From the analysis of the values of the scores, it can be concluded that the best candidate_labels seems to be "Sound of a dog", since its score is higher than the other candidate_labels (score 0.99 vs. 0.001)

In [19]:
candidate_labels = ["Sound of a child crying",
                    "Sound of vacuum cleaner",
                    "Sound of a bird singing",
                    "Sound of an airplane"]

In [20]:
zero_shot_classifier(audio_sample["audio"]["array"],
                     candidate_labels=candidate_labels)

Following analysis of the output, it can be concluded that in above example, the highest score (0.61) seems to be related to the sound of a bird singing.

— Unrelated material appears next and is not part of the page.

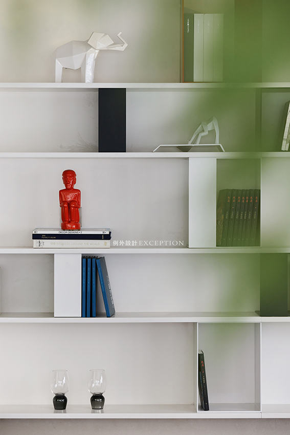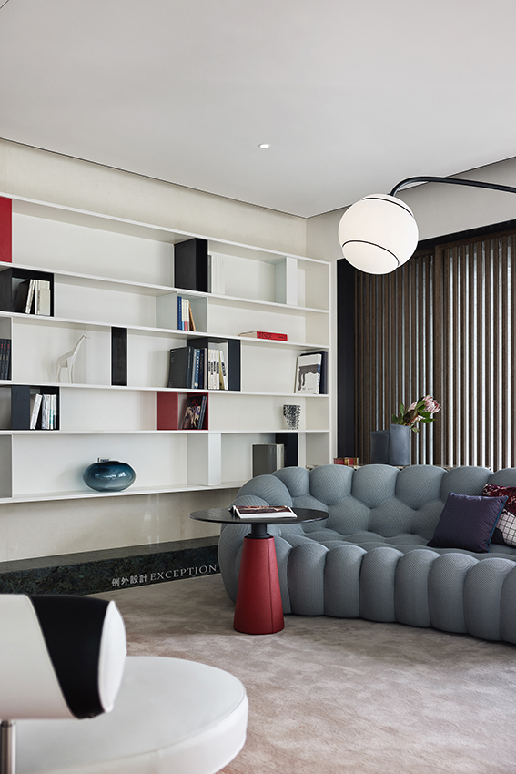 紅棕色漸變地毯鋪就一室的俏皮與優(yōu)雅,整面米色開放式櫥柜,滿足了日常的展示與收納場(chǎng)景。書櫥中的動(dòng)物飾品呼應(yīng)著隨處可見的自然氣質(zhì),不經(jīng)意間一瞥,便能激發(fā)出生活中的幸福靈感。

Important to be mentioned that in the above list of caandidates labels the "correct label"(Sound of a dog) is not enclosed. 

- EXAMPLE 2

Let's try the above models with some other audio files. 
The audio files are available in the following link 
https://huggingface.co/datasets/ashraq/esc50

In [21]:
audio_sample1 = dataset[1]

In [22]:
audio_sample1

In [23]:
from IPython.display import Audio as IPythonAudio
IPythonAudio(audio_sample1["audio"]["array"],
             rate=audio_sample1["audio"]["sampling_rate"])

In [24]:
from transformers import pipeline
zero_shot_classifier = pipeline(
    task="zero-shot-audio-classification",
    model="laion/clap-htsat-unfused")

 * Set the correct sampling rate for the input and the model.

In [25]:
from datasets import Audio

In [26]:
dataset = dataset.cast_column(
    "audio",
     Audio(sampling_rate=48_000))

In [27]:
audio_sample1 = dataset[1]

In [28]:
audio_sample1

From the analysis of the values of the scores, it can be concluded that the best candidate_labels seems to be "Sound of a bird", since its score is higher than the other candidate_labels (score 0.99 vs. 0.000006)

In [31]:
candidate_labels2 = ["Sound of a child crying",
                    "Sound of vacuum cleaner",
                    "Sound of a dog",
                    "Sound of an airplane"]

In [32]:
zero_shot_classifier(audio_sample1["audio"]["array"],
                     candidate_labels=candidate_labels2)

From the analysis of the values of the scores, it can be concluded that the best candidate_labels seems to be "Sound of a bird", since its score (score = 0.99) is higher than the others candidate_labels.

### Try it yourself! 
- Try this model with some other labels and audio files!